#### Data excerpt ####

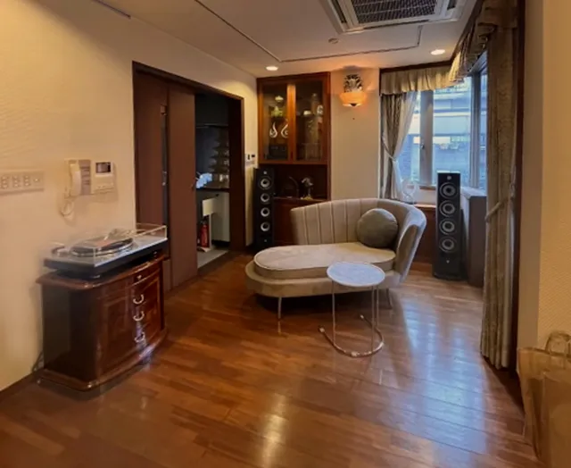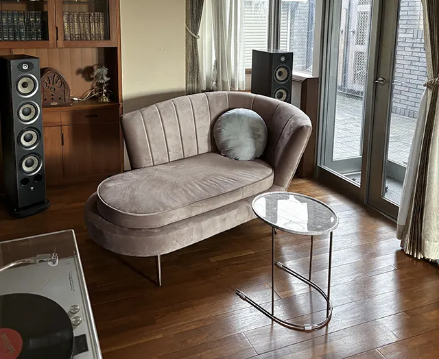 ブラウンを基調とした温かみあるお部屋の一角に、音楽がゆったりと聴けるようベロア生地の2人掛けソファや大理石のサイドテーブルを採用していただきました。
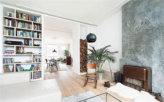 客厅的可讲之处还是蛮多的,看看这个书架,直通房顶,可以看出主人是多么热爱读书。远处由柴草堆成的糟心,给人留下深刻的印象。一大颗绿植的摆放,让空间多了一分活力。周围的布景以白色的现代装饰为主,结合一些中性的色调,营造出了一个宁静舒适的环境。
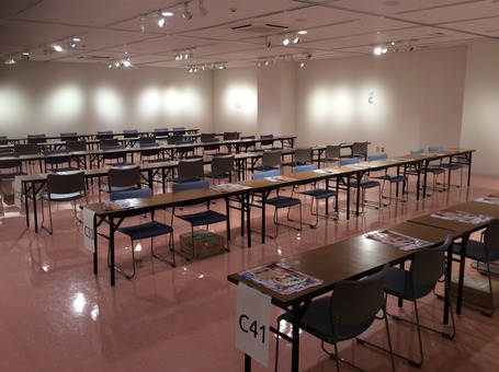 いつもは美術館として使われる会場に、同人誌即売会の机がずらり。

####

Exercise description → Please copy the data shown above precisely, leaving the images out.

Answer to this problem →
 ブラウンを基調とした温かみあるお部屋の一角に、音楽がゆったりと聴けるようベロア生地の2人掛けソファや大理石のサイドテーブルを採用していただきました。
 客厅的可讲之处还是蛮多的,看看这个书架,直通房顶,可以看出主人是多么热爱读书。远处由柴草堆成的糟心,给人留下深刻的印象。一大颗绿植的摆放,让空间多了一分活力。周围的布景以白色的现代装饰为主,结合一些中性的色调,营造出了一个宁静舒适的环境。
 いつもは美術館として使われる会場に、同人誌即売会の机がずらり。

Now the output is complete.